Correcting an inefficient paradigm can sometimes result in significant innovation. There is an opportunity to create such innovation within the world of Intellectual Property (“IP”) by changing the method by which patented products are “marked.” Traditionally considered to be an issue associated primarily with the quantification of damages in patent enforcement litigations, modifying the patent statute to allow for patent marking via the Web could potentially result in a significant, long-lasting, positive change within the world of IP that extends far beyond the quantification of patent damages.

What Is Patent Marking?

The current U.S. patent marking and notice statute, 35 U.S.C. '287(a), states that a patent holder can mark a patented product with the word “patent” (or the abbreviation “pat.”) together with the relevant patent number(s). The reason for such patent marking is to provide “notice” to potential infringers that the product is covered by the specific patents listed.

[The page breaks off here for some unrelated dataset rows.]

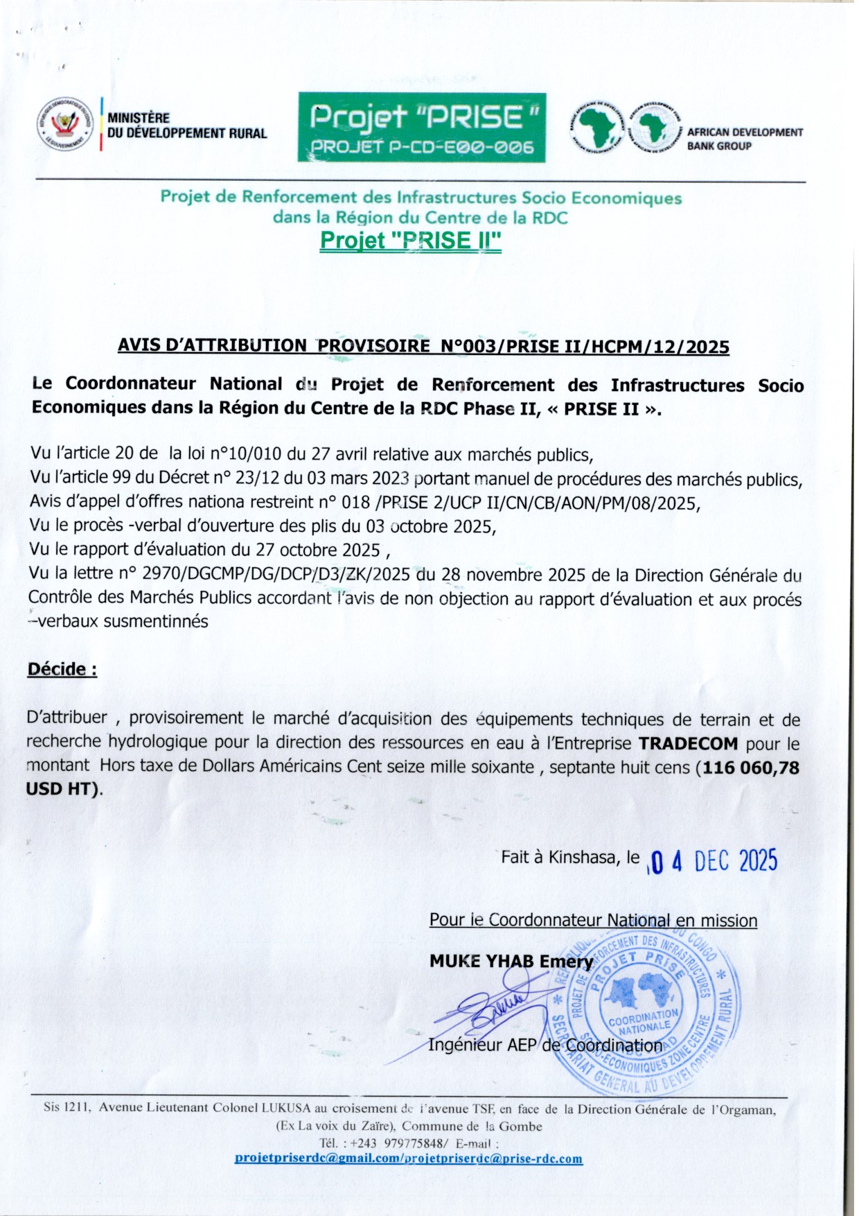 Attribution provisoire accordée à “l’Entreprise TRADECOM” relative au marché d’acquisition des équipements techniques de terrain et de recherche hydrologique pour la Direction des Ressources en Eau.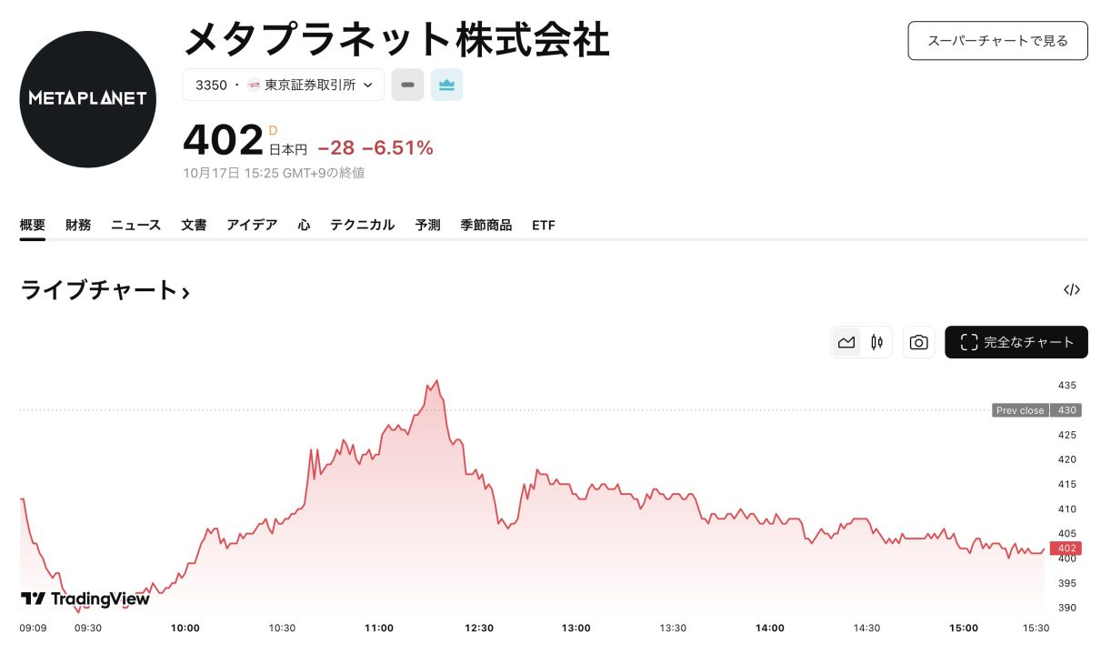 株式会社メタプラネットの株価が下落。10月17日の東京証券取引所における取引で、同社株は前日の終値から28円安い402円で引け下落率は6.51%に達しました。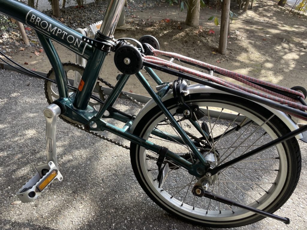 サドルの表面の剥がれが進んで交換。サドルは純正を革製に変える人がかなりいるからだろう,メルカリで純正品が3000円くらいで新品に近いものが入手できた。英国製ブロンプトンのマークが入っているので,英国偽装車体っぽくなる。
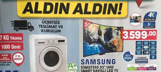 2 yıl garantili kaviisli ekranı ve dahili uydu alıcısı ile ön plana çıkan samsung smart kavisli led tv 3599 tl. Kiwi cyclone elektrikli süpürge 109 tl. A101 market mağazalarında 19 ekim 2017 tarihinden itibaren satışa sunulacak seg scm 7100 t çamaşır makinesi 7 kg yıkama 1000 devir 15 program gibi özellikleri. 3 sayfada acer notebook ve tadilat araç gereçleri 4.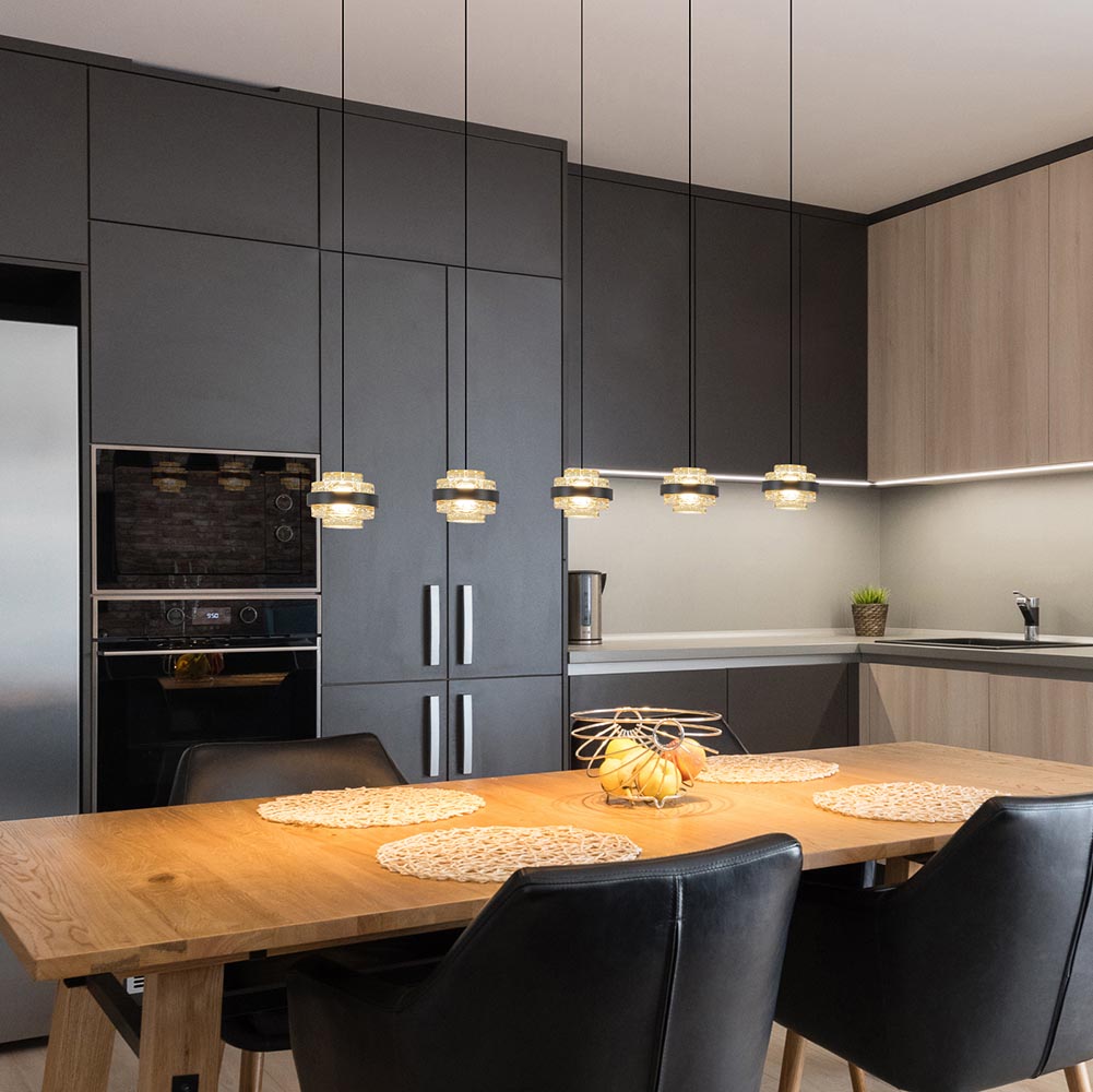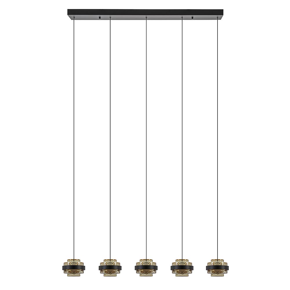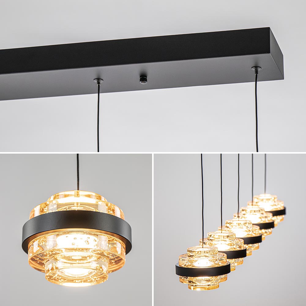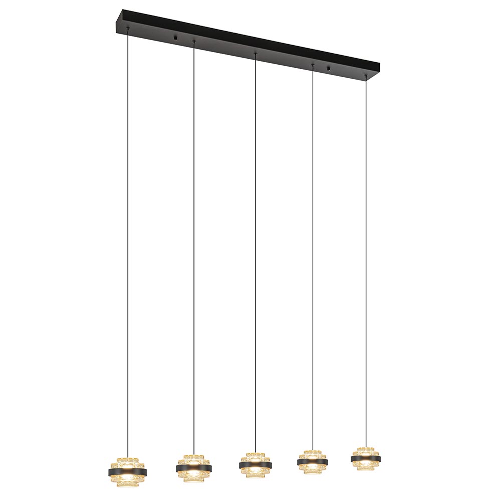 Een sfeervolle toevoeging voor boven de eettafel of bar. De kappen hebben een aparte vorm en zijn voorzien van LED verlichting. De kappen zijn deels van massief glas en deels mat zwart metaal. Dit geeft de lamp een luxe uitstraling. Het glas is voorzien van luchtbelletjes wat de hanglamp een speels effect geeft. De hanglamp is gemakkelijk in hoogte aan te passen. Hang de kappen op één lijn voor een strak geheel, of laat ze verspringen om het speels te maken. De 5-lichts eettafelhanglamp is dimbaar middels een externe LED dimmer (exclusief).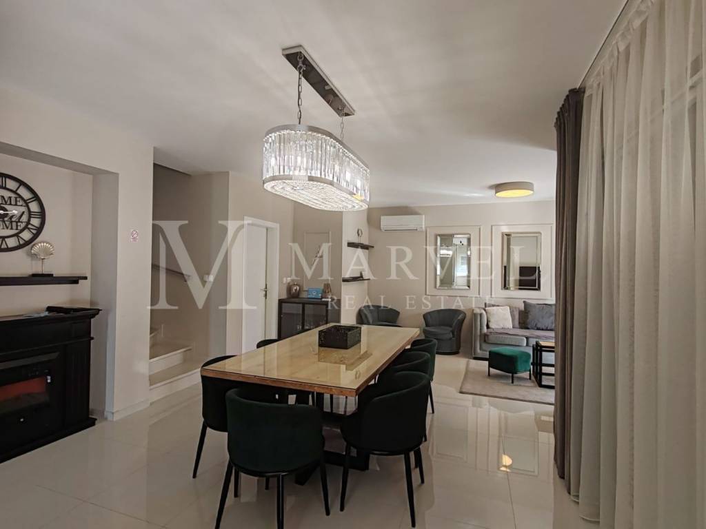 Na prodaju je moderno uređena dvojnica površine 120 m smještena na mirnoj lokaciji u Malinskoj, svega 3 minute hoda od mora i plaže, te 15 minuta šetnje uz obalu do samog centra.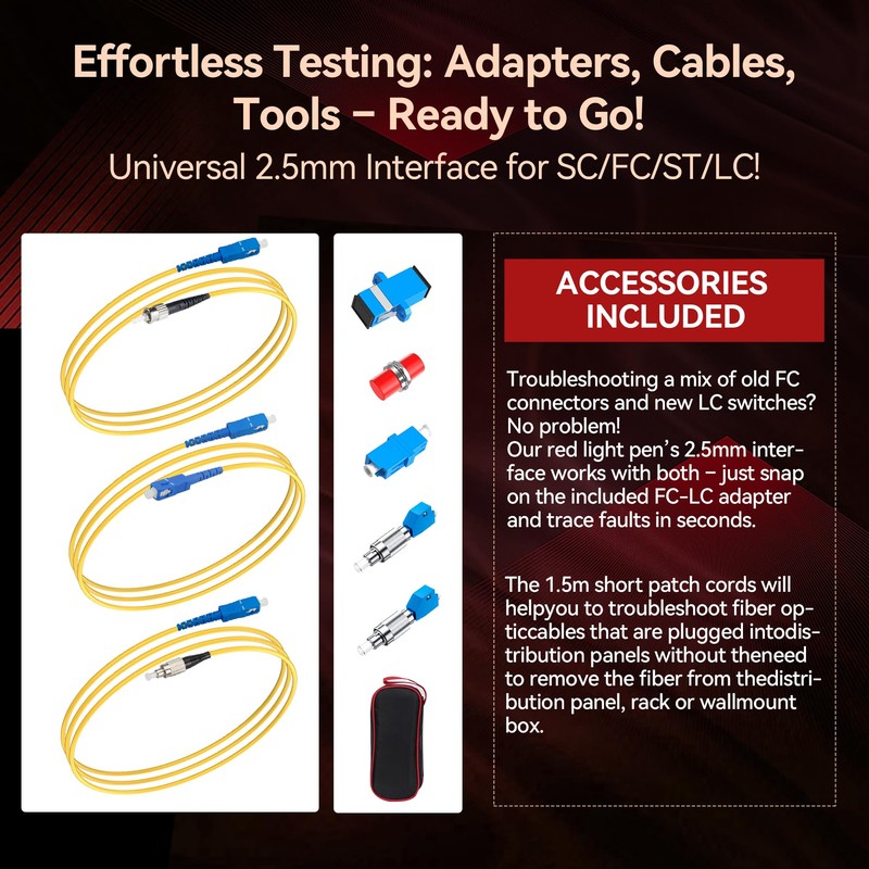 - 【Universal Compatibility】:The locator's 2.5mm universal connector works seamlessly with ST,SC,and FC interfaces,making it ideal for both single-mode and multi-mode cable testing. (For LC cables,simply use the FC Male to Female LC connector.)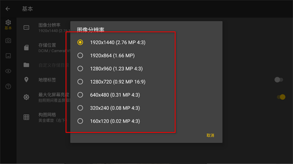 3、在圖像分辨率列表中選擇目標分辨率如1920x1440、1280x720等。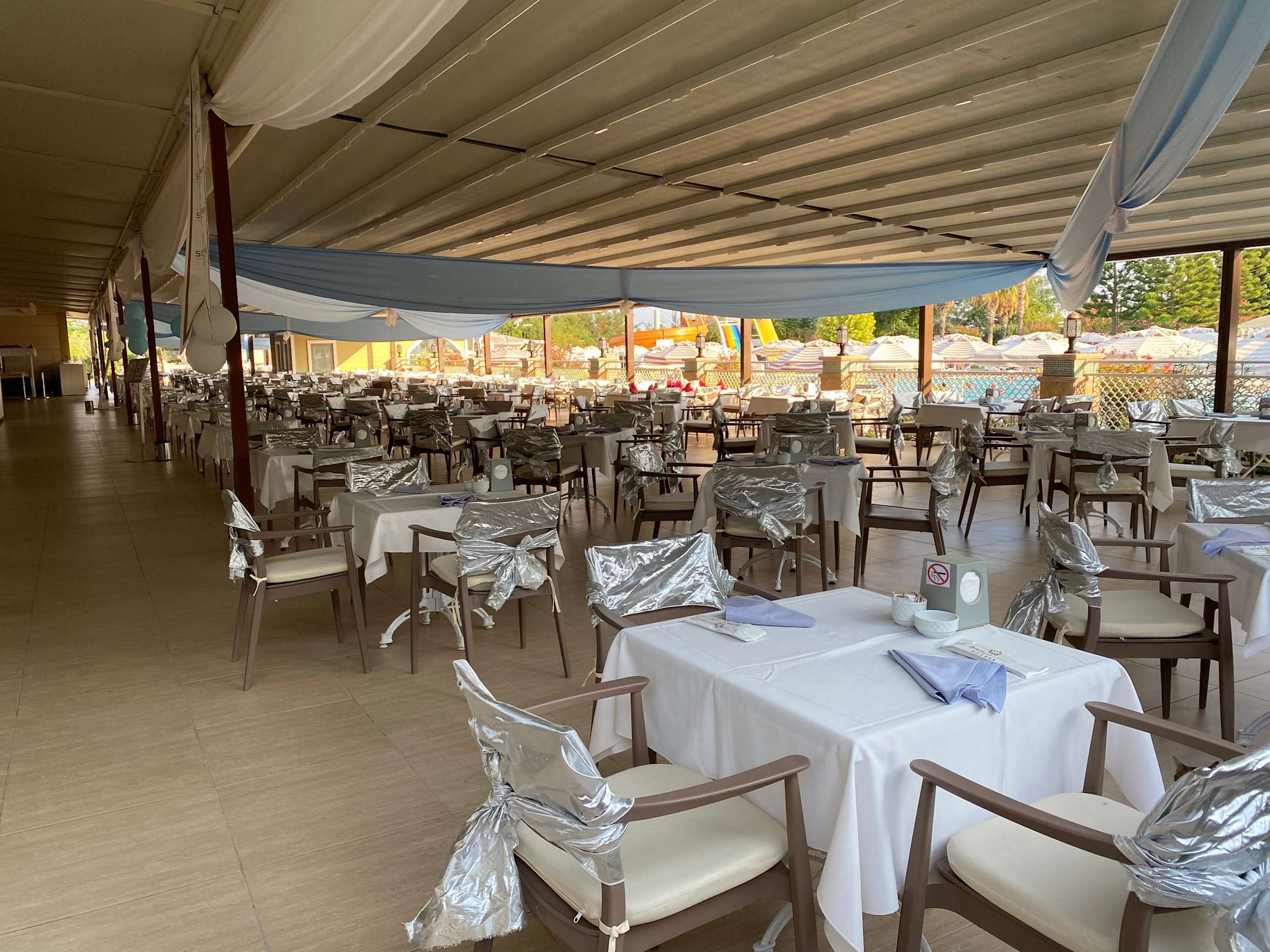 Tischdeko für die weiße Nacht auf der Terrasse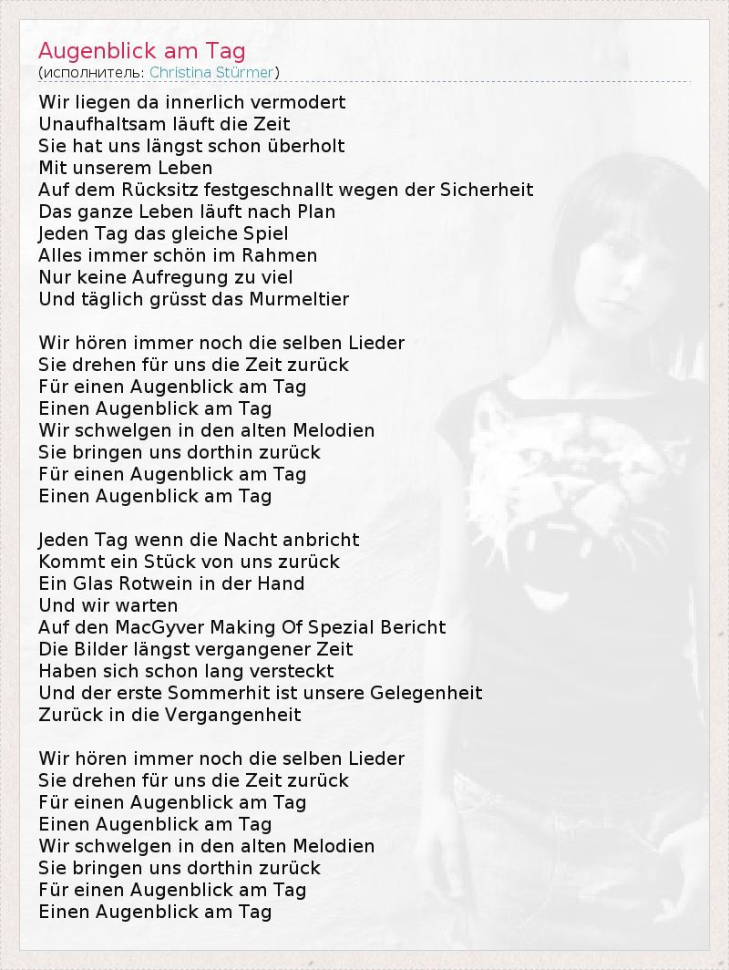 А как ты думаешь, о чем песня "Augenblick am Tag" ?

Further, because a potential infringer cannot be found liable for damages until proper notice of the infringement has been given, should a patent owner not mark its patented product, it can only recover damages for any infringement that takes place after the patent owner has given actual notice to the infringer. In the absence of a physical marking, notice is typically given by sending a letter or filing a lawsuit. Therefore, to the extent the alleged infringer makes, uses, sells, or offers infringing product(s) before the patent owner physically marks its product, sends a letter, or files a lawsuit, the infringer cannot be found liable for damages for any infringing products prior to it receiving proper notice. This marking requirement can result in a significant reduction in the amount of monetary relief that the plaintiff is allowed to collect and often plays a significant role in the settlement of patent enforcement litigations.